Memorial Day: It’s Complicated… 

As I’m doing research on family ancestry, I’m finding a very high percentage of our family’s forebears who served in the Civil War (both north and south); quite a few Revolutionary War veterans, and several WWI AND WWII military. We have a couple of career military relatives who are currently serving who have been brave, earnest and dutiful in their service and we are proud of their sincerity.

I’ve both spoken and written in opposition to various wars and have filled many care packages for those serving overseas. It seems there is rarely “one right way” to view war and peace. I’ve been about speaking against misguided military intervention but honoring and respecting our soldiers. Kind of confusing.

In another case, I feel passionately that it was right to intervene with Hitler’s activities in WWII. But the internment camps for Japanese Americans during the same war was a misguided exercise in fear and racism, not unlike the attitude some hold toward “all Muslims” today (post-9/11 and post-Isis terrorism). And certainly the use of the atomic bomb demonstrated that there clearly are moral limits to the use of indiscriminate force.

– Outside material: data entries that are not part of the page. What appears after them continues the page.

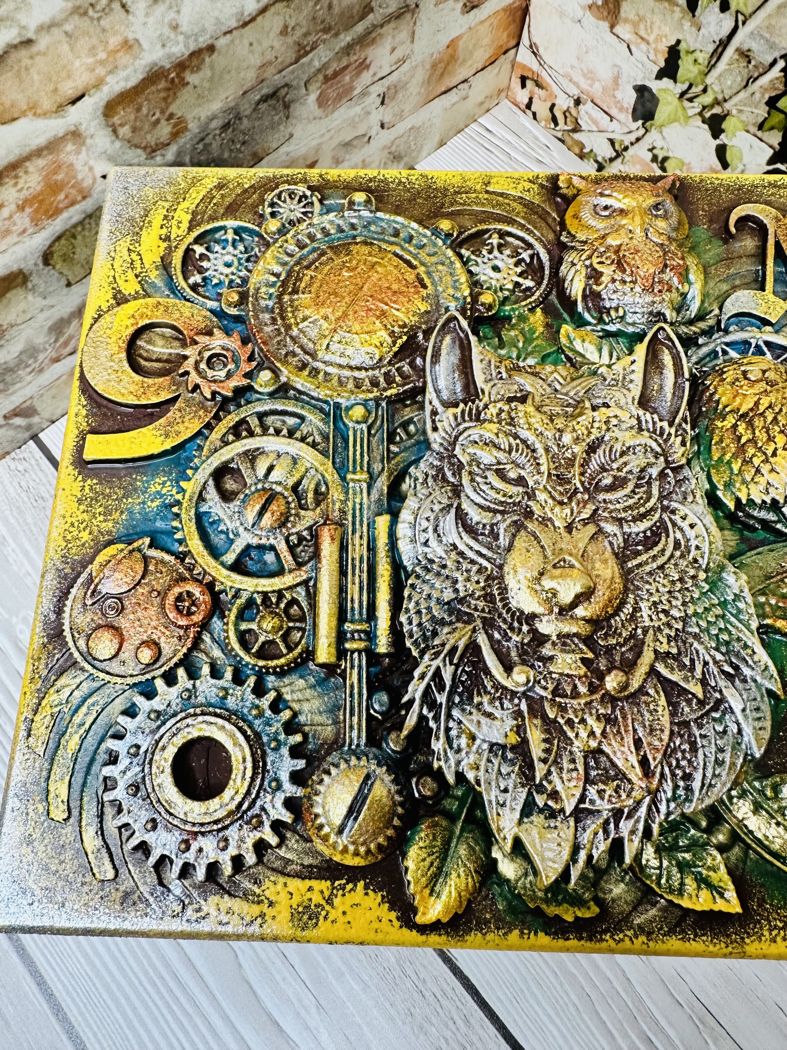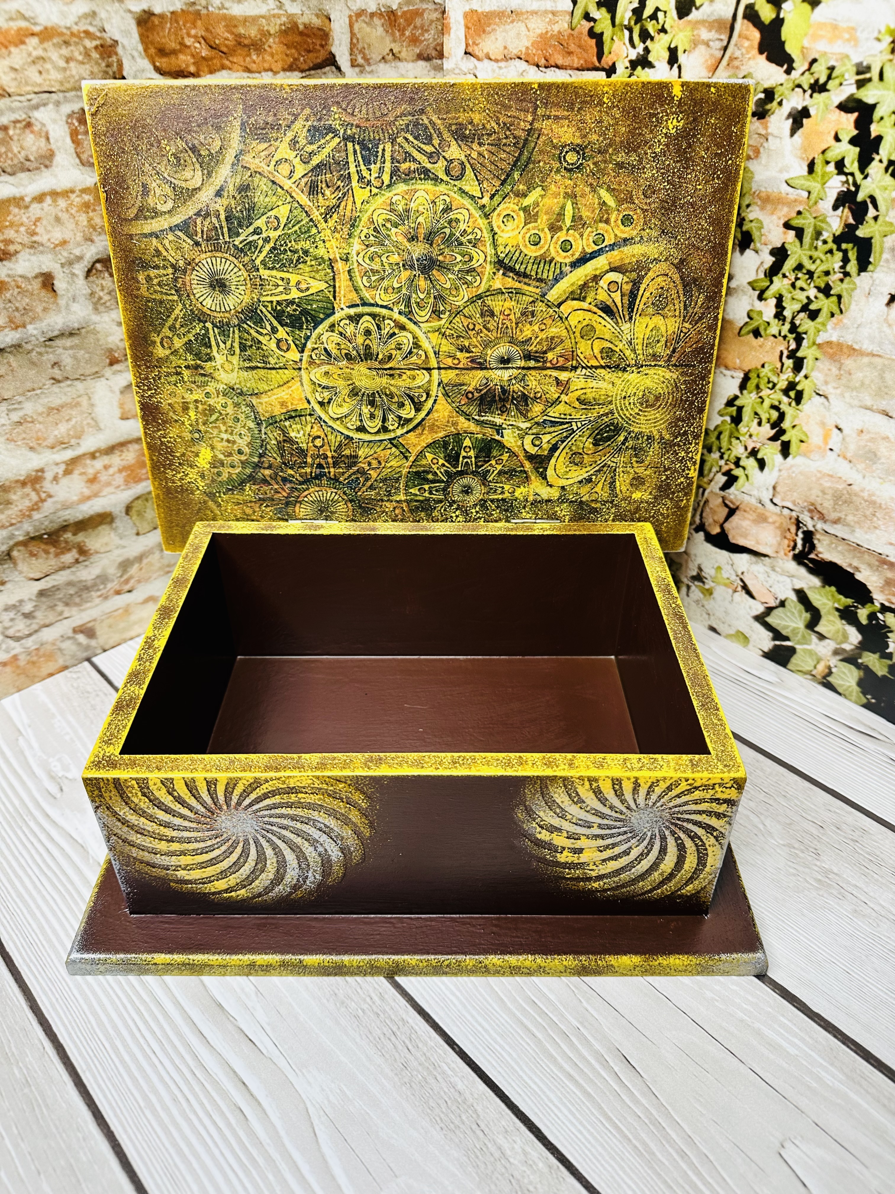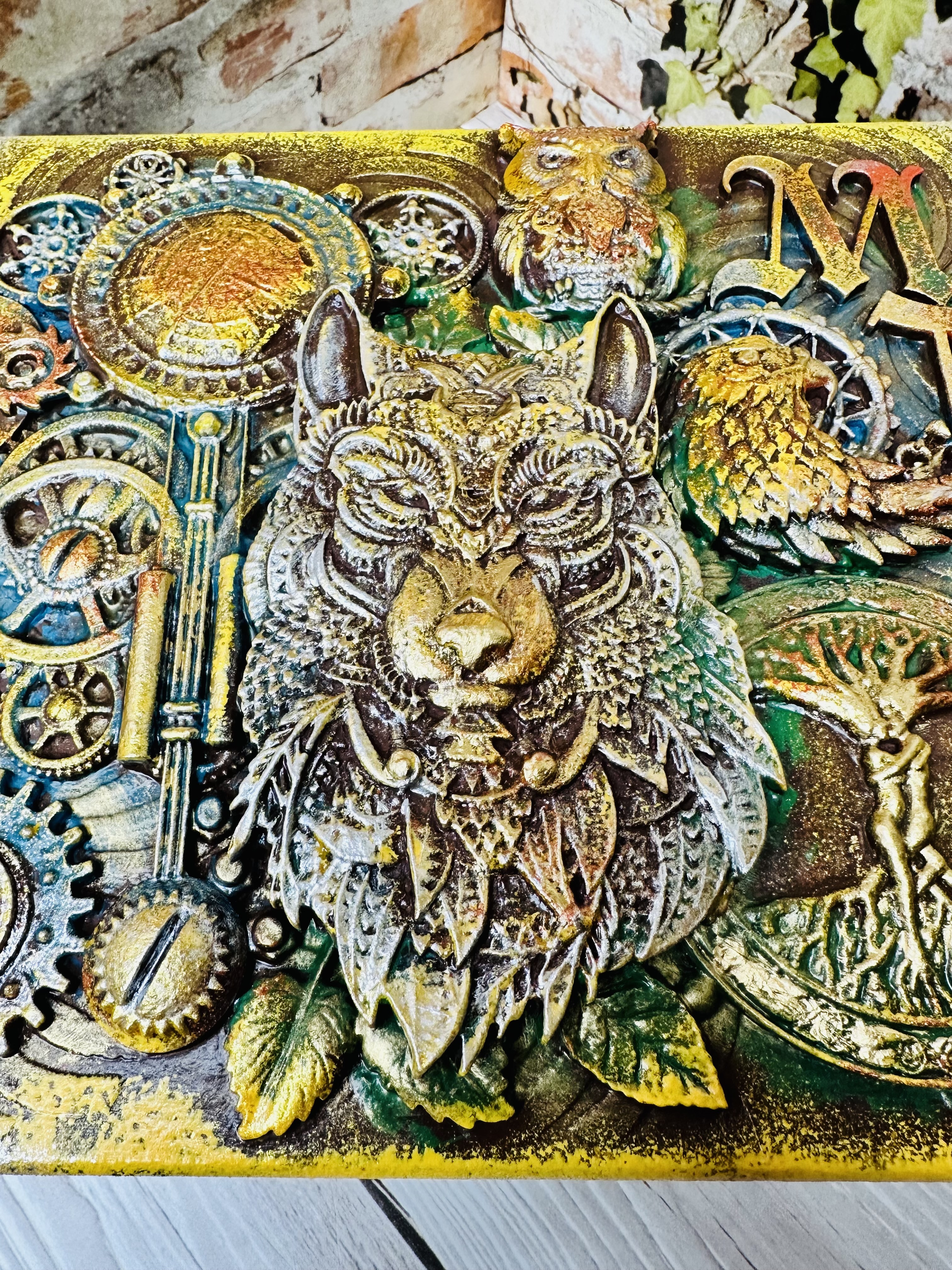 Уникальное изделие ручной работы, изготовленное из экологичного МДФ и украшенное декором в технике Mix Media. Эта шкатулка станет прекрасным местом для бережного хранения любимых украшений, драгоценных воспоминаний и небольших ценных вещей. Добавьте волшебства в интерьер своего дома или сделайте незабываемый подарок близкому человеку. Созданное вручную, оно наполнено атмосферой таинственности и красоты.
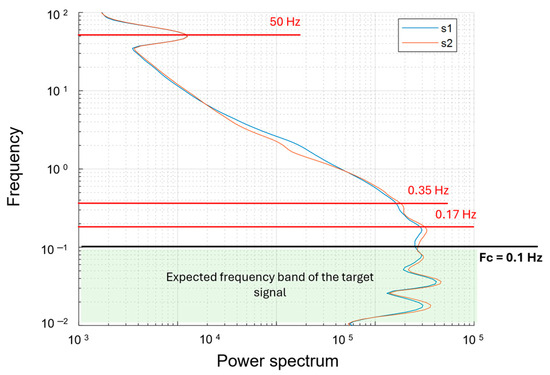 Power spectrum of the ground data. The blue and orange lines are referred to, respectively, the first and second sensor signals. The red lines indicate the mean noise peaks: (1) 50 Hz relative to the power lines; (2) 0.35 Hz and 0.17 Hz are due to the oscillation of the system. The cyan area is associated with the target signal at frequencies lower than 0.1 Hz that is used as the cut-off frequency for the low-pass filtering of the dataset.
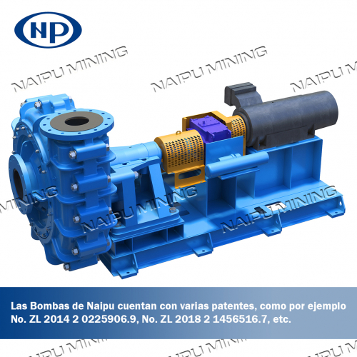 Las bombas para Pulpa de Naipu Mining de alta resistencia a la abrasión, son fabricadas para diferentes aplicaciones de minería metálica y no metálica a nivel mundial. Los principales modelos son la Series NZJM, NZJA, NZJL, NZJF, y NZJV, las cuales se diferencian en función del Flujo (20 a 12.000 m3/h), Presión de Descarga y resistencia a la abrasión. La bomba de pulpa 750NZJA ha sido desarrollada de forma independiente, para responder a requerimientos de empresas internacionales, siendo el equipo de mayor tamaño disponible en China.
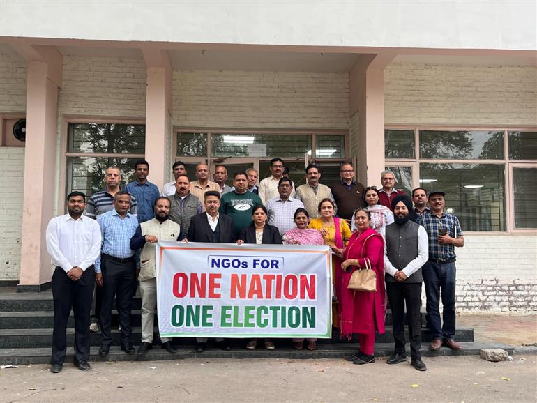 चंडीगढ़ : सेक्टर 8 स्थित सामुदायिक केंद्र में एक राष्ट्र, एक चुनाव पर विचारोत्तेजक चर्चा आयोजित की गई, जिसमें विभिन्न गैर सरकारी संगठनों के प्रमुख एकत्रित हुए। इस सत्र का उद्देश्य समन्वित चुनावों के महत्व तथा इस सुधार की वकालत करने में गैर सरकारी संगठनों की महत्वपूर्ण भूमिका पर विचार करना था।
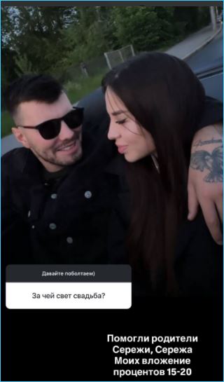 Несмотря на это, призналась Дорожкина, что в материальном плане с организацией свадьбы помогли родители Сергея Хорошева, она вложилась на 15-20%, а в плане организации пусть жених сам позаботится.
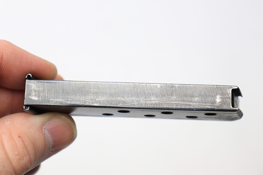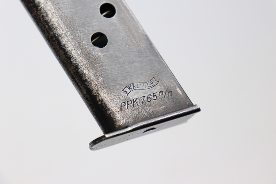 4/22/22 – This is an original wartime Walther PPK magazine. The magazine has a Walther banner with model and caliber information underneath. The tube has some finish loss throughout, but mostly on the front spine. There is some surface patina on the right side of the magazine, towards the top of the magazine but this is mild and doesn’t have texture. The spring is strong and functional.
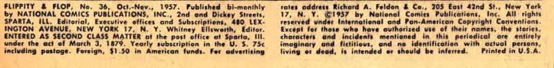 Disclose Notes: Owen Fitzgerald is credited as drawing one or more Flippity and Flop strips sometime in 1957, but all art in this issue appears to be Jim Davis' work.
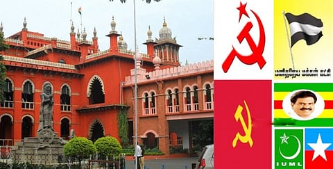 திமுக சின்னத்தில் வெற்றி பெற்ற கூட்டணி கட்சி எம்.எல்.ஏ.-க்களை எப்படி அமரவைக்க வேண்டுமென்பது சபாநாயகரின் அதிகாரத்திற்கு உட்பட்டதால், அந்த லட்சுமண ரேகையை தாண்ட முடியாது என கூறியுள்ள சென்னை உயர்நீதிமன்றம், அதுதொடர்பான வழக்கை தள்ளுபடி செய்துள்ளது.
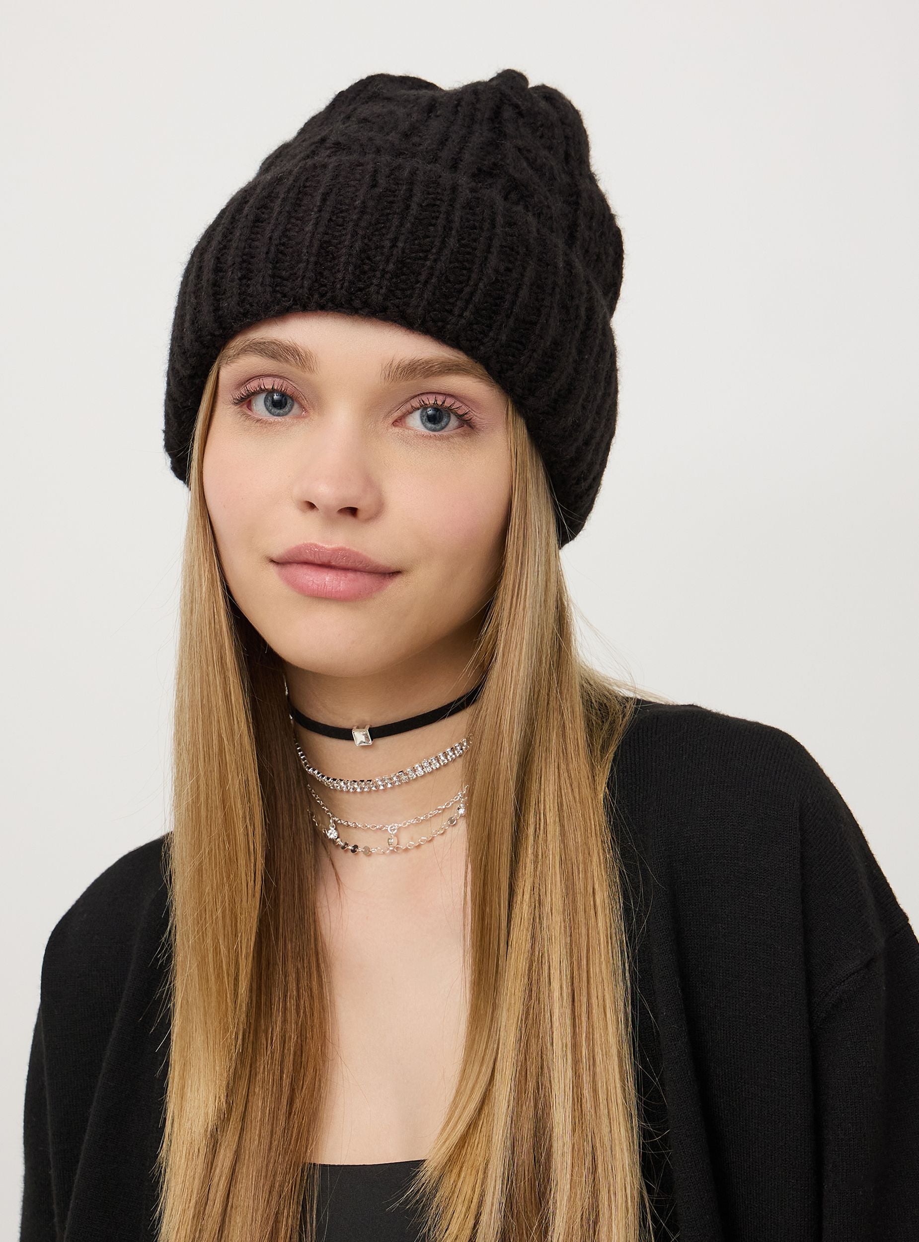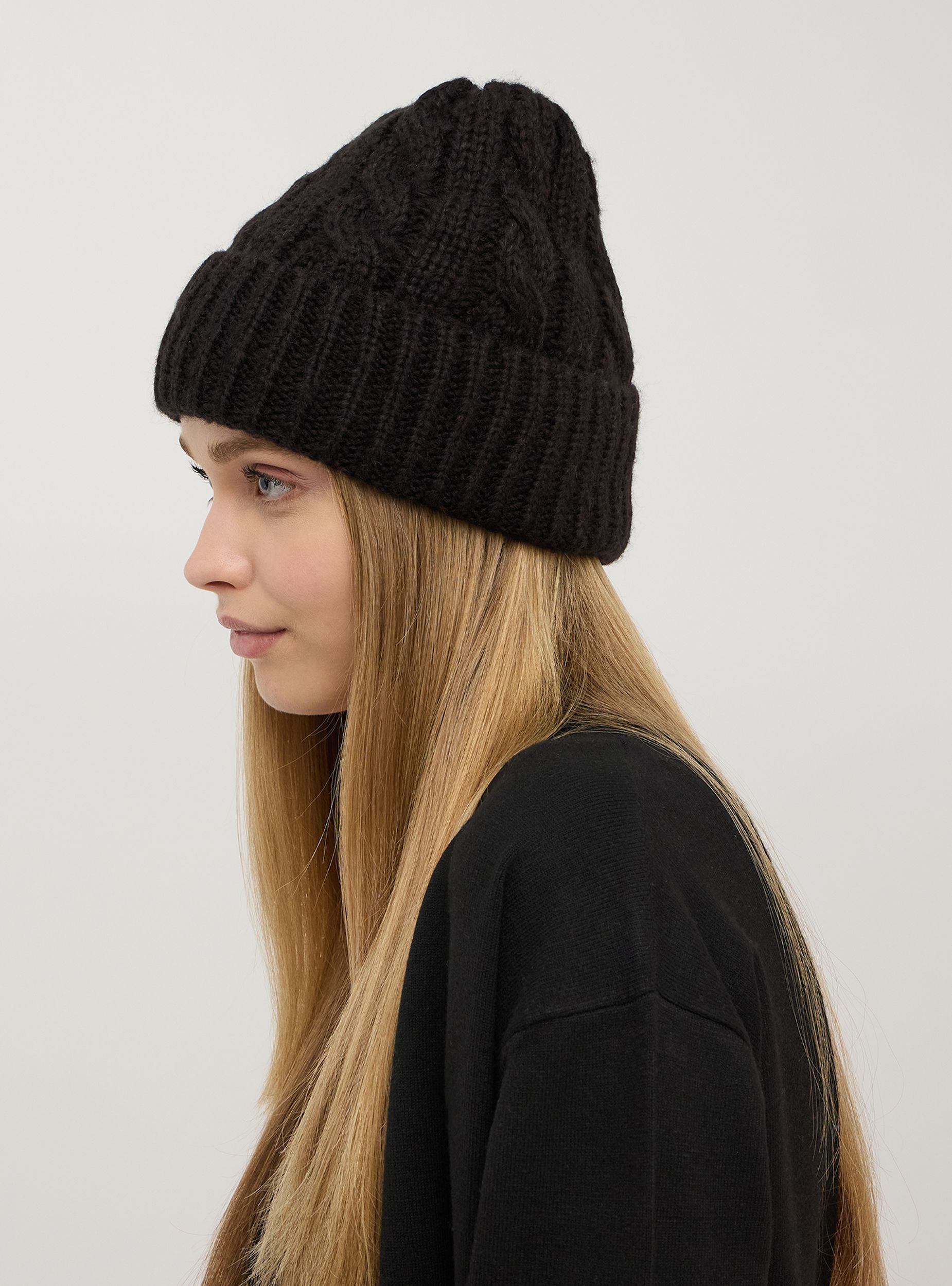 Ribbed knitted hat with braids, internally padded, ideal for winter. It features a classic cable knit pattern that adds a touch of style to the simple and warm design. The turn-up brim offers additional protection against the cold. Perfect for casual occasions and to keep you warm.

On holidays like Memorial Day, I often wish I could just be patriotic or just be completely against it all. It would be simpler, more fun for the moment to feel morally certain.

Unfortunately, we somehow have to keep walking the less popular road of the not-quite-middle-ground. It can be a lonely road in today’s political climate. To live a deeply spiritual life in our complex world means seeing the Sacred in every person and having compassion even for those whose point of view would choose to obliterate our viewpoint. Ugh!

It is easier when I watch birds fly, feel the wind in my face, pray and meditate at sunrise, look out on vast oceans and deserts, see the sunset over the horizon or hike up a tall mountain to view wilderness. It is easier when I let go of “us vs. them” and focus on oneness.

There is so much more to this universe than our own perspective. So I will lift my gratitude today for the triumph of love, unity, respect, diversity, kindness, and courage. I will celebrate the passage of time, moments of healing and reunion, and I will honor ancestors who sought to do their best – whatever their beliefs – and seek compassion and forgiveness for us all.

3 thoughts on “Memorial Day: It’s Complicated… 

  1. Hi Karen,

    I loved what you wrote! You did an amazing job of expressing the challenges that many of us baby boomers feel. We grew up post WWII. Our parents experienced the Great Depression and the war at a deeply personal level. We burned our bras, marched against mandatory ROTC, the Vietnam War, and insisted on our rights to the birth control pill and our right to choose. I look at whom is getting elected, the raping of our environment due to greed, the fact the evil doers on Wall Street are still smoking big cigars and I feel like I am caught in some strange twilight zone! What happened to my generation that we let these things happen? I recently have become more politically active. Otherwise, how can we face our grand children without being able to say, “I tried.”